1. OpenAI GPT-4 Technical Report 2025
   https://openai.com/research/gpt-4-2025
   OpenAI's GPT-4 now supports advanced reasoning, multimodal inputs including video, and extended context windows up to 128K tokens...

2. GPT-4 vs GPT-3.5: What's New in 2025
   https://aiblog.example.com/gpt4-updates
   The latest GPT-4 update brings significant improvements in coding, mathematics, and creative writing...

[8 more results]

Metadata

  • isDeep: true - Counts as substantive progress
  • isResearch: true - Higher repetition budget (up to 15 calls)
  • isSideEffect: false - No deduplication
Always try web_search before browser automation. It’s 10-50x faster than full browser navigation and uses fewer resources.

browser_navigate

Navigate to a URL and extract a semantic snapshot of the page content. Use when you need to read a specific page after finding it via search.

Parameters

url
string
required
Full URL to navigate to (must include protocol: https:// or http://)
headless
boolean
default:"true"
Run browser in headless mode.

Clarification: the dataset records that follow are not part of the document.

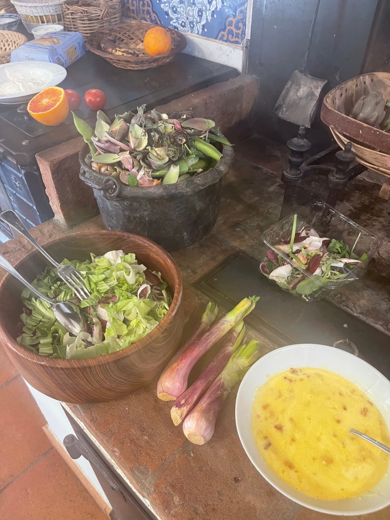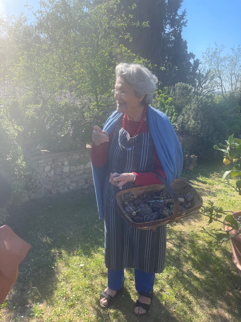 There was such a quietness, a peace, as we wandered past the ivy-covered stone walls of the 17th century farmhouse and through the courtyard lined with lemon trees in large terracotta pots to where Candida stood in her apron, sweater and sandals, a basket of freshly picked vegetables hanging on her arm and fresh herbs held loosely in her hand. She welcomed us without fanfare but with warmth, as if we were already friends – or maybe even grandkids who had come by, as usual, to spend the day gathering from the garden to make something delicious for later.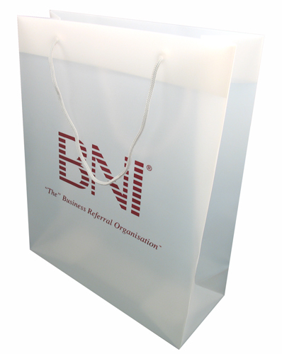 BNI Business Networking International Boutique Style Carrier Bag Polypropylene boutique style carrier bag with white cord handles. Screen printed with the BNI identity to one face. Promotes the BNI networking organisation.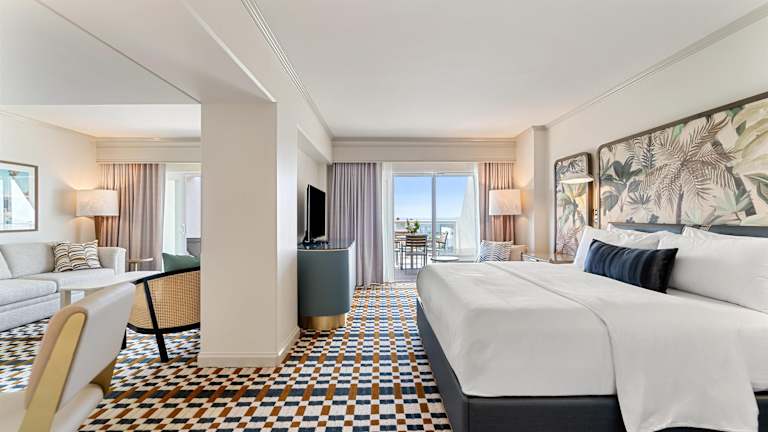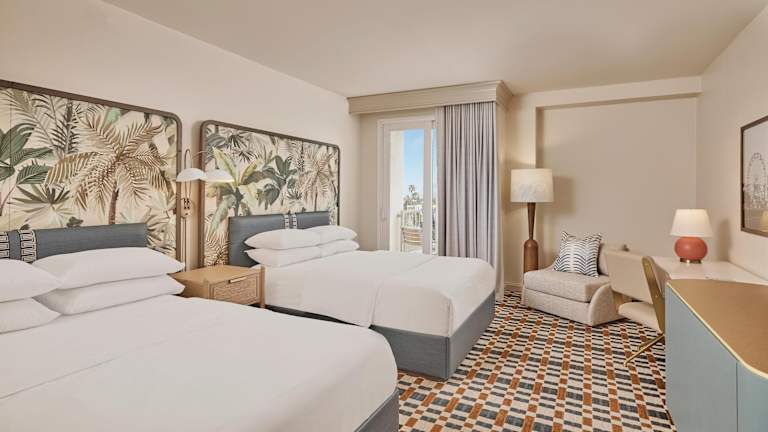 Die 310 Zimmer des Le Meridien Delfina Santa Monica bieten einen komfortablen Rückzugsort nach einem ereignisreichen Tag. Die Zimmer verfügen über Annehmlichkeiten wie Klimaanlage, TV, Safe und WLAN. Einige Zimmer bieten einen atemberaubenden Blick auf den Pazifischen Ozean. Das Hotel bietet auch einen beheizten Außenpool mit Cabanas, in dem Sie sich entspannen und die Sonne genießen können. Der SandBox-Bereich bietet Unterhaltungsmöglichkeiten wie Gaming-Systeme, Shuffleboard, Darts und Billard.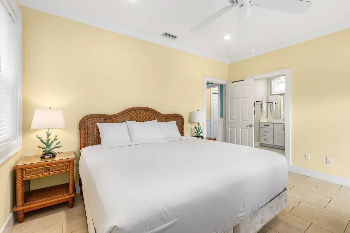 Features a luxury pillow top mattress, children’s crib, shared bathroom, and direct access to patio and pool.

Set to false for sites with anti-bot detection.

Return Value

snapshot
string
Semantic snapshot of the page including:
  • Page title and URL
  • Main text content extracted from semantic HTML
  • Interactive elements (buttons, links, forms) with references
  • Console logs and navigation state

Stealth Mode

browser_navigate uses anti-bot detection evasion:
  • --disable-blink-features=AutomationControlled
  • Realistic user agent strings
  • Persistent browser profiles with cookies and localStorage
  • Human-like timing and behavior
  • Optional CAPTCHA solving (via 2captcha if captchaApiKey is configured)
Some sites require visible browser mode (headless: false) to render correctly. If you get blank pages or CAPTCHAs, retry with headless: false.

Example Usage

{
  "skill": "browser_navigate",
  "args": {
    "url": "https://news.ycombinator.com",
    "headless": true
  }
}

Response Example

=== PAGE SNAPSHOT ===
URL: https://news.ycombinator.com/
Title: Hacker News

--- TEXT CONTENT ---

Hacker News
New | Past | Comments | Ask | Show | Jobs | Submit

1. GPT-5 Training Begins (openai.com)
   482 points by user123 4 hours ago | 203 comments

2. Rust 1.75 Released with Async Traits (rust-lang.org)
   312 points by rustacean 2 hours ago | 87 comments

[... more content ...]

--- INTERACTIVE ELEMENTS ---
[0] link: "New" (href=/newest)
[1] link: "Past" (href=/front)
[2] link: "Comments" (href=/newcomments)
[3] button: "Submit" (id=submit-btn)

--- STATE ---
Last navigated: https://news.ycombinator.com/
Blank pages: 0/3
Console logs: (none)

Vision Fallback

If the semantic snapshot is thin (< 500 chars) and a vision analyzer is configured, the system automatically:
  1. Captures a screenshot
  2. Analyzes it with GPT-4 Vision or Gemini
  3. Returns a visual description alongside the semantic content
This handles canvas-heavy UIs, image galleries, and custom components.

Metadata

  • isDeep: true
  • isResearch: true
  • isSideEffect: false

http_fetch

Lightweight HTTP request without launching a browser. Use this before browser_navigate for APIs and simple pages.

Parameters

url
string
required
URL to fetch
method
string
default:"GET"
HTTP method: GET, POST, PUT, PATCH, or DELETE
headers
object
Custom HTTP headers as key-value pairs
body
string | object
Request body for POST/PUT/PATCH. Auto-stringifies objects to JSON.
timeout
number
default:"30000"
Timeout in milliseconds

Return Value

result
string
Response status and body:
HTTP 200 OK
Content-Type: application/json

{"status": "success", "data": [...]}

Example Usage

{
  "skill": "http_fetch",
  "args": {
    "url": "https://api.github.com/repos/torvalds/linux",
    "method": "GET",
    "headers": {
      "Accept": "application/vnd.github.v3+json"
    }
  }
}

Metadata

  • isDeep: true
  • isResearch: false
Prefer http_fetch for APIs and JSON endpoints. It’s 100x faster than browser navigation and doesn’t require rendering.

extract_article

Extract clean article text from a URL using Mozilla Readability. Strips ads, navigation, and clutter.

Parameters

url
string
URL to extract. If omitted, extracts from the current browser page.

Return Value

article
string
Clean article text with:
  • Title
  • Author (if available)
  • Publication date (if available)
  • Main content without ads or navigation

Example Usage

{
  "skill": "extract_article",
  "args": {
    "url": "https://arstechnica.com/science/2025/01/ai-breakthrough/"
  }
}

Response Example

=== ARTICLE ===
Title: Breakthrough in AI Reasoning: GPT-5 Passes Advanced Math Olympiad
Author: John Doe
Date: January 15, 2025

OpenAI announced today that GPT-5 has successfully solved all problems from the 2024 International Mathematical Olympiad...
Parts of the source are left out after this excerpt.